And yet, science education in this country needs improvement, not just so we can leap ahead of Europe and Asia in money making technology, but so we can have an informed population who, like it or not and for some time to come, will face ballot measures asking them to make general decisions on such subjects as abortion, stem cell research, sexual preferences (and the rights desired or denied in such preferences), genetic modification, climate change and energy issues, and a number of other subjects that are best considered by an electorate with some science literacy. They will also be asked to elect candidates who will be tasked to make many specific decisions requiring more than a basic understanding of science. But how can the electorate judge a candidate’s level of understanding if they have little or none of their own?

I would like to propose an idea. It comes not only from my own history of cold sweats in science classes, but from the warm glow I felt in classes in the arts. First, we should stop requiring for high school graduation courses in several of the major sciences, rigorously testing students on their understanding of very specific details and minutia of biology, physics, and chemistry. These classes should be elective and only for those students who truly want to study a particular science. I suggest this, though, only if what is required for graduation are two other courses: Science Appreciation and the History of Science. These should be taken within the first two years of high school, and maybe previewed in middle school. For what is the use of learning facts and data and details of individual sciences, and never learning what science, in its essence, truly is? Is it a philosophy, a modern religion, something only geeks care for, a mystical understanding of the fabric of the universe, or just a very boring set of dull facts?

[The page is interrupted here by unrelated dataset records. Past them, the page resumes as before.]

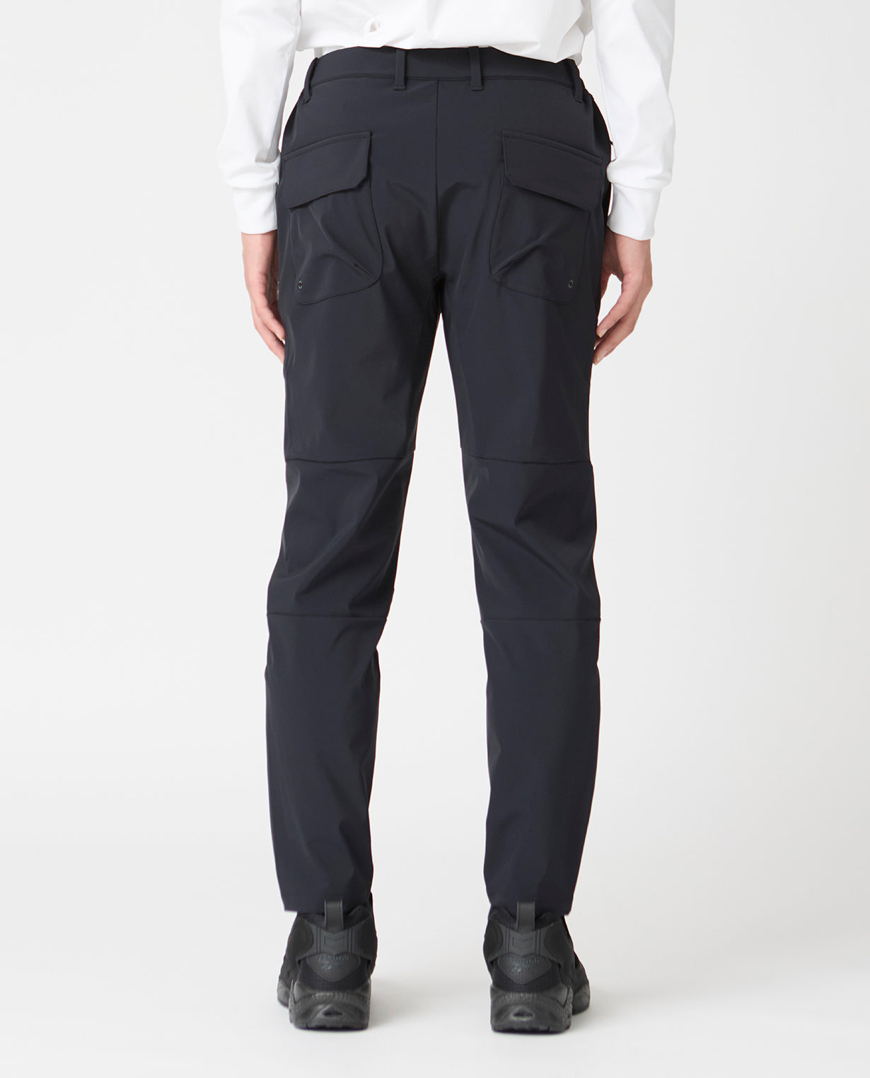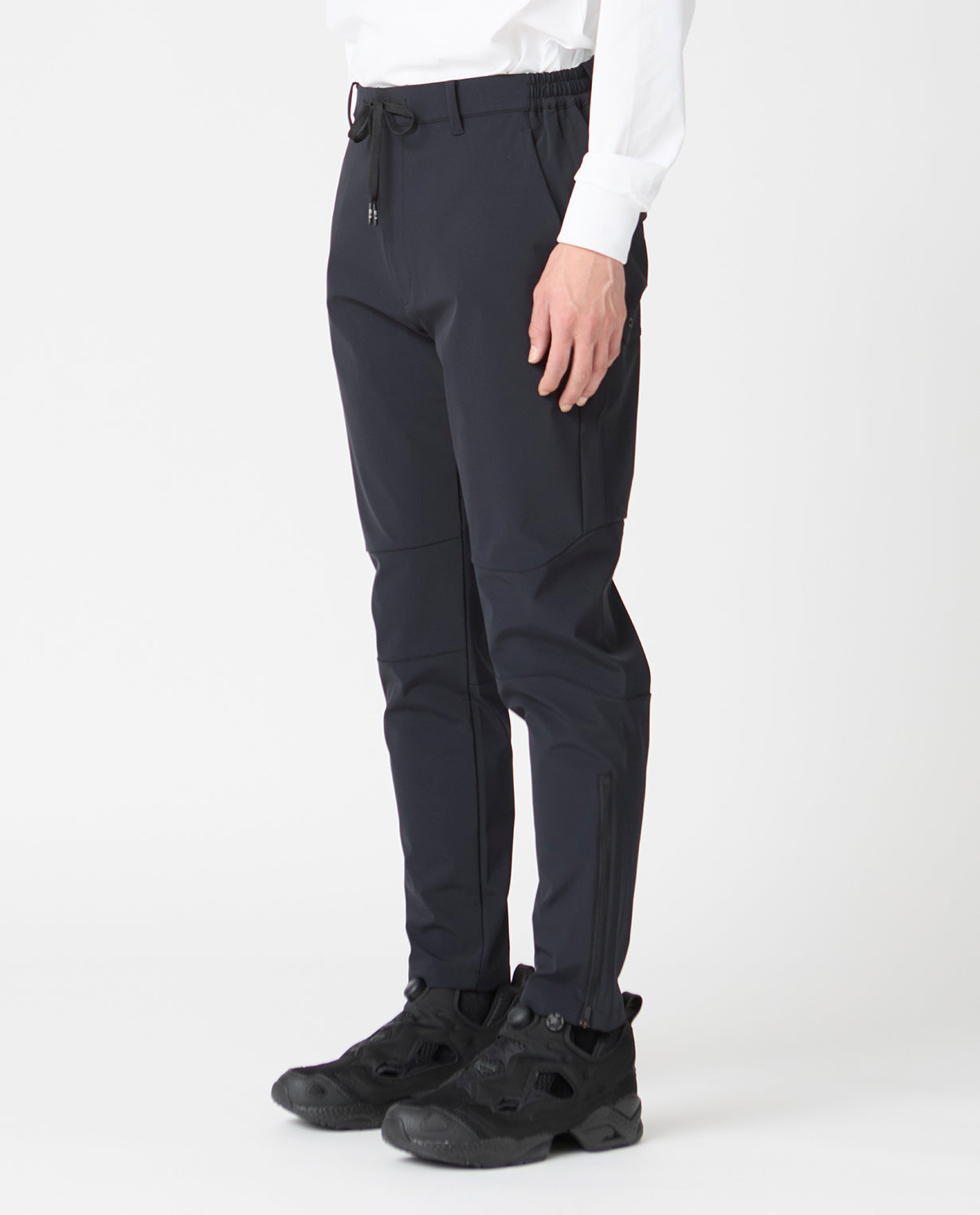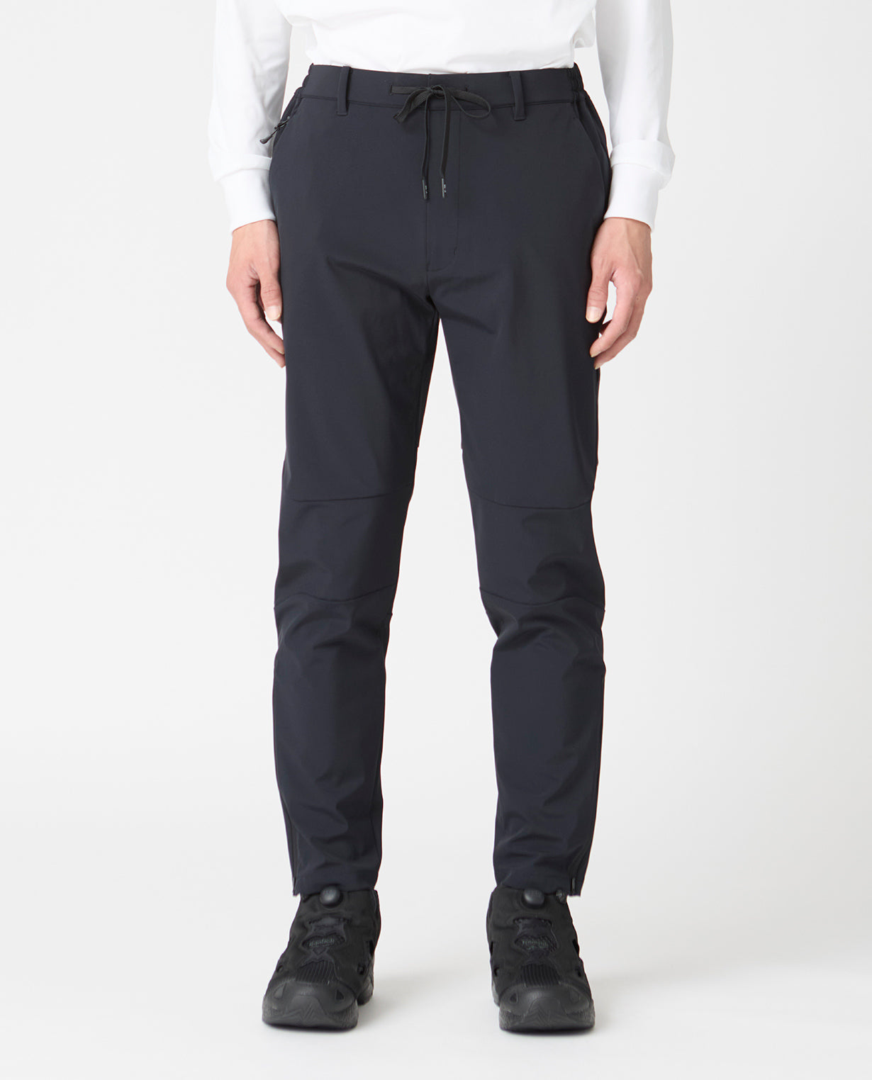 ■ 素材R生地は、経糸・緯糸ともにポリウレタン混の糸を使用した4WAYストレッチ素材。フルダル糸によるマットでフラットな質感と、パウダータッチの柔らかな手触りが特徴です。全方向に伸縮することで、スポーツシーンにも対応する軽量かつ耐久性に優れた布帛(ふはく)生地に仕上げています。今回はこのR生地に、別素材のニット生地と透湿防水フィルムをボンディング加工した3層構造のRB生地を採用。外側からの水の侵入を防ぎながら、内側の湿気を外に逃がす高い透湿防水性を実現しました。従来のR生地では対応しづらかった肌寒い季節でも、動きやすさはそのままに、雨風を防ぎながら快適な暖かさを保ちます。■ デザイン立体裁断(3Dカッティング)による複雑なパターン構成で、180度の開脚も可能な広い可動域を実現。横方向に切り替えた膝のパーツは屈伸動作をサポートし、膝抜けしにくい構造となっています。裾にはファスナーを配し、閉じればすっきりとしたテーパードシルエット、開ければ中から共布の当て布が現れストレートラインに。ハイカットのブーツやスニーカーの着脱をスムーズにする設計であると同時に、着こなしの幅を広げるディテールとしても機能します。ウエストは両脇ゴム仕様で、革ベルトとの併用も可能なベルトループ付き。内外どちらにも結べるドローコードを備えており、快適性と汎用性を両立しています。後ろポケットにはワンタッチボタン付きのフラップを配し、アクティブシーンでの安全性を確保。全体としてはスポーティな設計でありながら、無駄を削ぎ落としたクリーンなルックスでビジネスやゴルフ、ワークアウトから旅行まで、シーンを問わず活躍する一本です。■ スタイリング同じ生地の新商品の0_673_RBアクティブストレッチボンディングセットアップフルジップパーカとのセットアップとしての着用はもちろん、この肌寒くなる秋冬にかけての機能性パンツとしてぴったりの商品。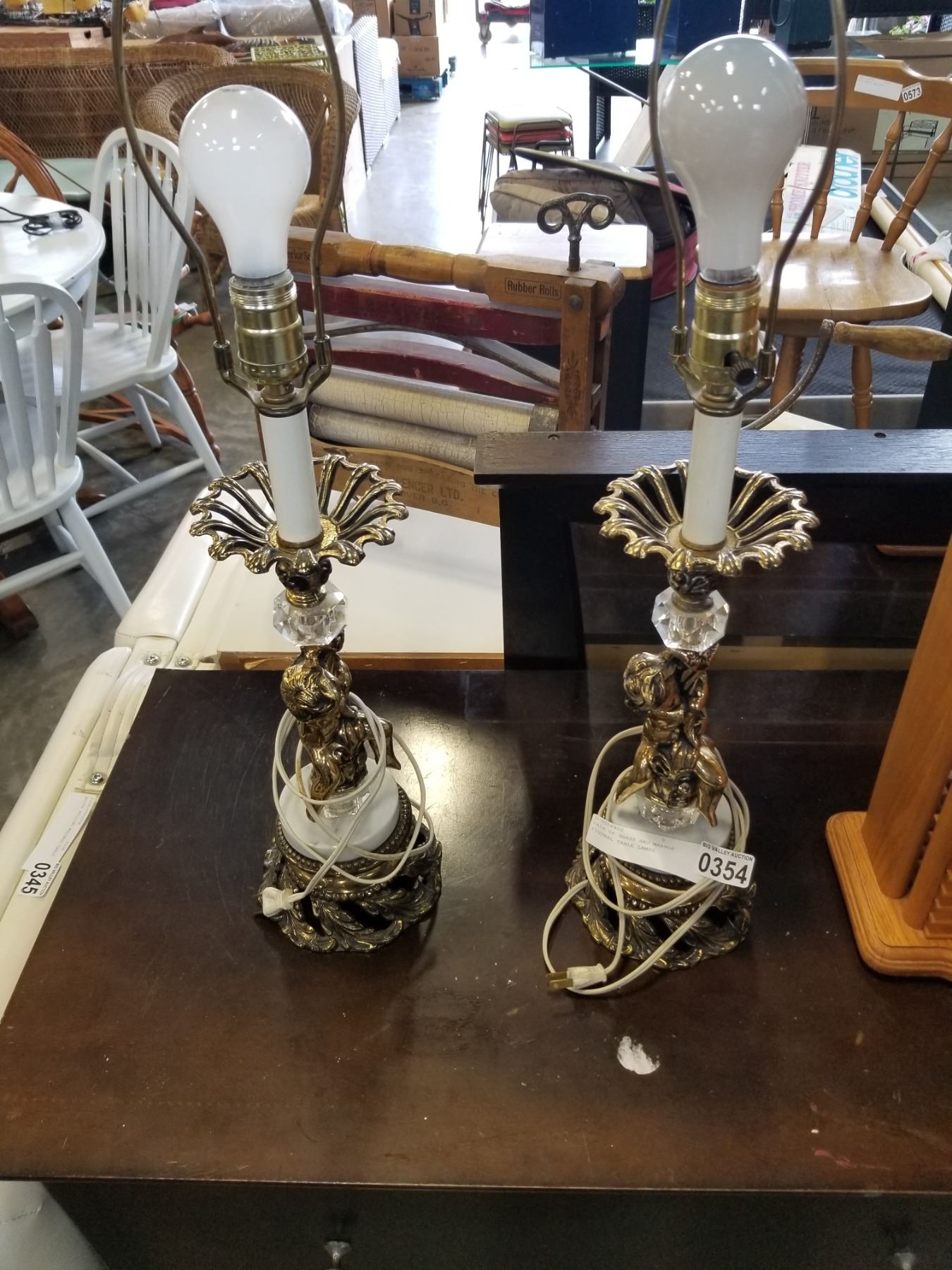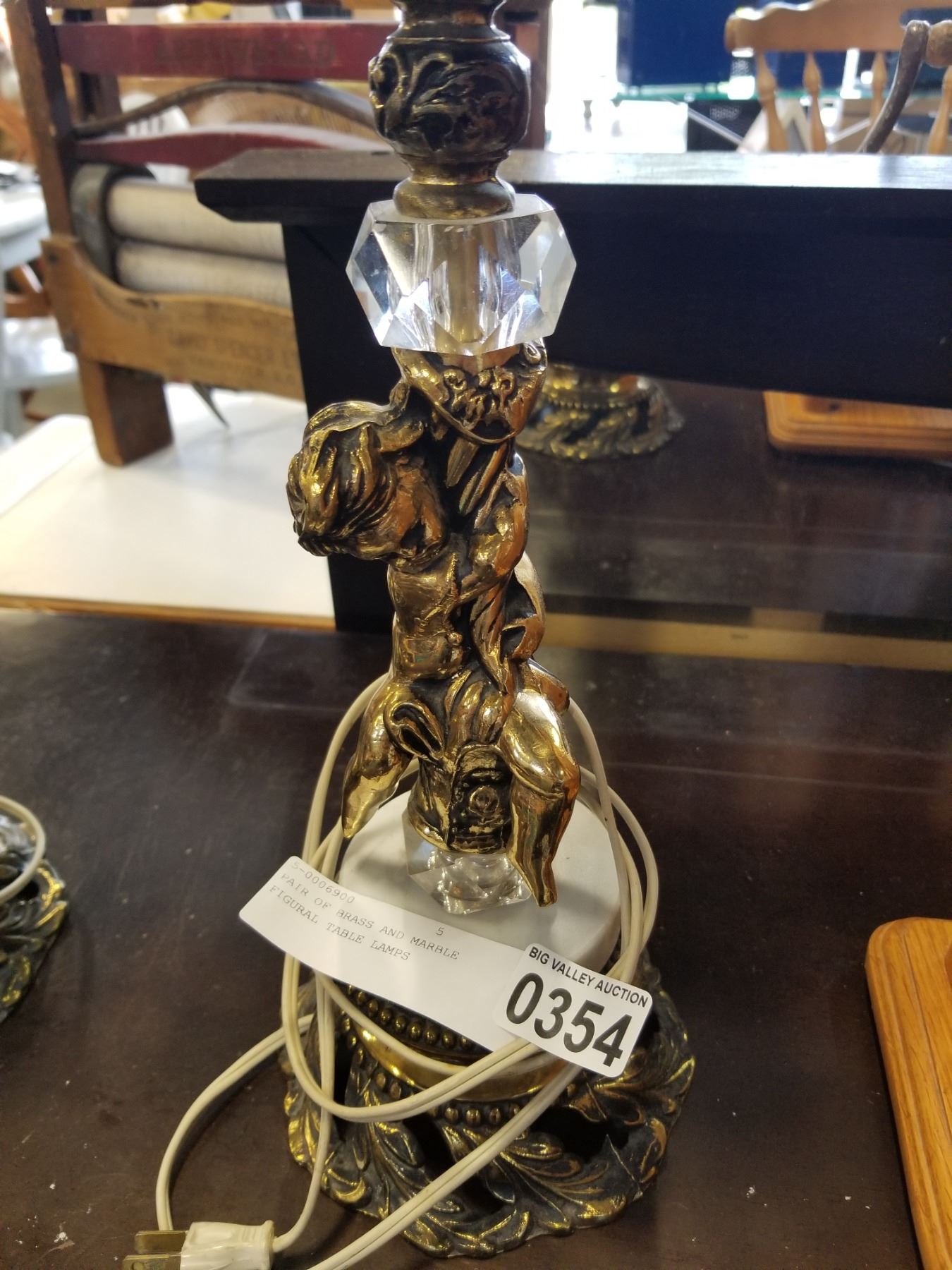 PAIR OF BRASS AND MARBLE FIGURAL TABLE LAMPS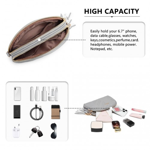 Ample space for your essential items, including your cell or mobile phone, purse, keys, wallet, credit and debit cards and your cosmetics and toiletries.

Science should not be treated like a frog in formaldehyde — it should be understood and appreciated before you pull its guts out.

I have obviously taken this idea from long established art and music appreciation and history courses. Just as not everyone can draw or play music, not everyone is going to become a scientist, engineer or mathematician — no matter how badly the country might need them. And just as life is richer if you have an appreciation for art and music, our country and society would be richer if everyone had an appreciation of science — what it is and does and how it has spurred on, in Bronowski’s wonderful phrase, the Ascent of Man.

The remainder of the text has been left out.